DEMONSTRATIONS MOSTLY PEACEFUL

Minnesota became a major flashpoint in ‍the administration’s efforts to deport millions of immigrants months before the Good shooting, with Trump criticizing its Democratic leaders amid a massive welfare fraud scandal involving some members of the large Somali-American community there.
Minneapolis Mayor Jacob Frey, a Democrat who has been critical of immigration agents and the shooting, told a press conference earlier on Saturday that the demonstrations have remained mostly peaceful and that anyone damaging property or engaging in unlawful activity would be arrested by police.
“We will not counter Donald Trump’s chaos with our own brand of chaos,” Frey said. “He wants us to take the bait.”
More ​than 200 law enforcement officers were deployed Friday night to control protests that led to $6,000 in damage at the Depot Renaissance Hotel and failed attempts by some demonstrators to enter the Hilton Canopy Hotel, believed to house ICE agents, the City of Minneapolis said in a statement.
Police ⁠Chief Brian O’Hara said some in the crowd scrawled graffiti and damaged windows at the Depot Renaissance Hotel. He said the gathering at the Hilton Canopy Hotel began as a “noise protest” but escalated as more than 1,000 demonstrators converged on the site, leading to 29 arrests.
“We initiated a plan and took our time to de-escalate the situation, issued multiple warnings, declaring an unlawful assembly, and ultimately then began to move in and disperse the crowd,” O’Hara said.

HOUSE REPRESENTATIVES TURNED AWAY FROM ICE FACILITY
Three Minnesota congressional Democrats showed up at a regional ICE headquarters near Minneapolis on Saturday morning, where protesters have clashed with federal agents this week, but were denied access. Legislators called the denial illegal.
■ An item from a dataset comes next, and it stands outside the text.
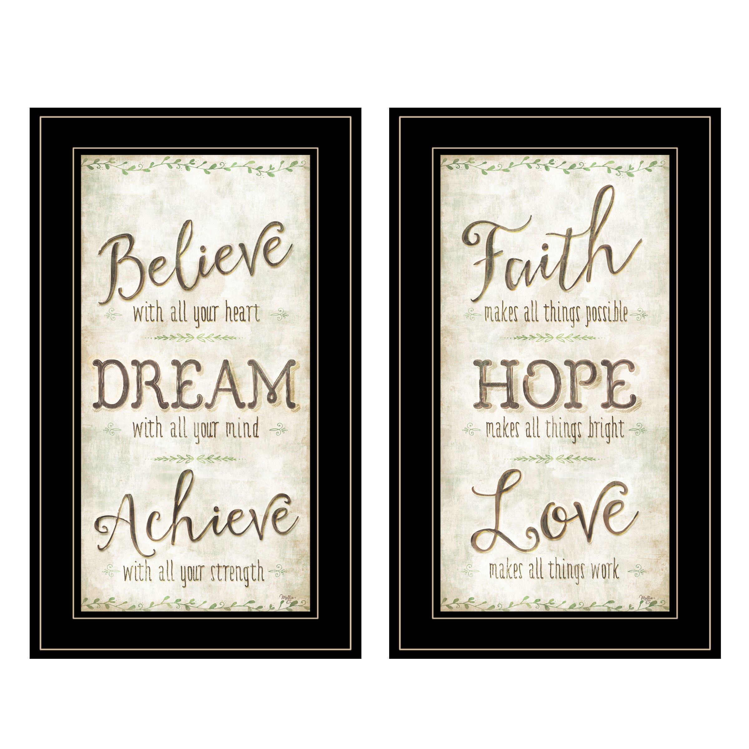 V467-704G Faith / Believe, by artisan Mollie B. This decorative black framed vignette of 2 (12 x 21) framed prints speak of Faith, Hope and Love. Framed prints arrive ready to hang. Prints are textured-no need for glass•TEXTURED ARTWORK with a 'rolled on' acid-free acrylic coating to create a canvas painting effect.•UV PROTECTANT COATING protects artwork from fading. No glass is necessary.• MOULDING adds natural beauty to the framed art. Frame is keyholed for the easy hanging.•THIS FINE HOME DECOR piece made in the USA by Woman Owned Business (WBE) is a perfect gift for a friend or relative.
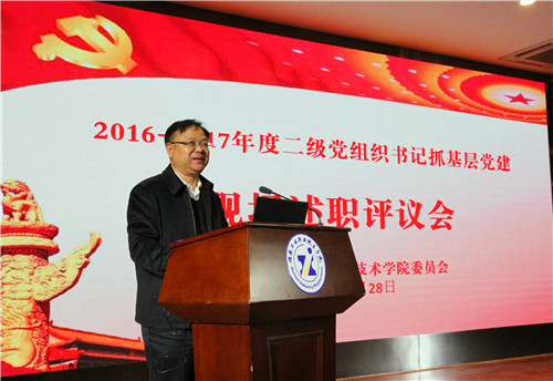 本网讯 12月28日上午,我校2016-2017年度二级党组织书记抓基层党建工作现场述职评议会在图书馆学术报告厅举行。党委书记刘建湘、校长向罗生等校领导,调研员、党群部门负责人、各二级党组织书记、各二级学院院长、各基层党支部书记、各二级党组织教职工党员代表、各二级学院学生党员代表近90人参加了会议。会议由学校党委副书记陈超主持。

“We made it clear to ICE and DHS that they were violating federal law,” US Representative Angie Craig told reporters as she stood outside the Whipple Federal Building in St. Paul with Representatives Kelly Morrison and Ilhan Omar.
Federal law prohibits DHS from blocking members of Congress from entering ICE detention sites, but DHS has increasingly restricted such oversight visits, prompting confrontations with Democratic lawmakers.
“It is our job as members of Congress to make sure those detained are treated with humanity, because we are the damn United States of America,” Craig said.
Referencing the damage and protests at Minneapolis hotels overnight, DHS spokesperson Tricia McLaughlin said the congressional Democrats were denied entry to ensure “the safety of detainees and staff, and in compliance with the agency’s mandate.” She said DHS policies require members of Congress to notify ICE ‌at least seven days in advance of facility visits.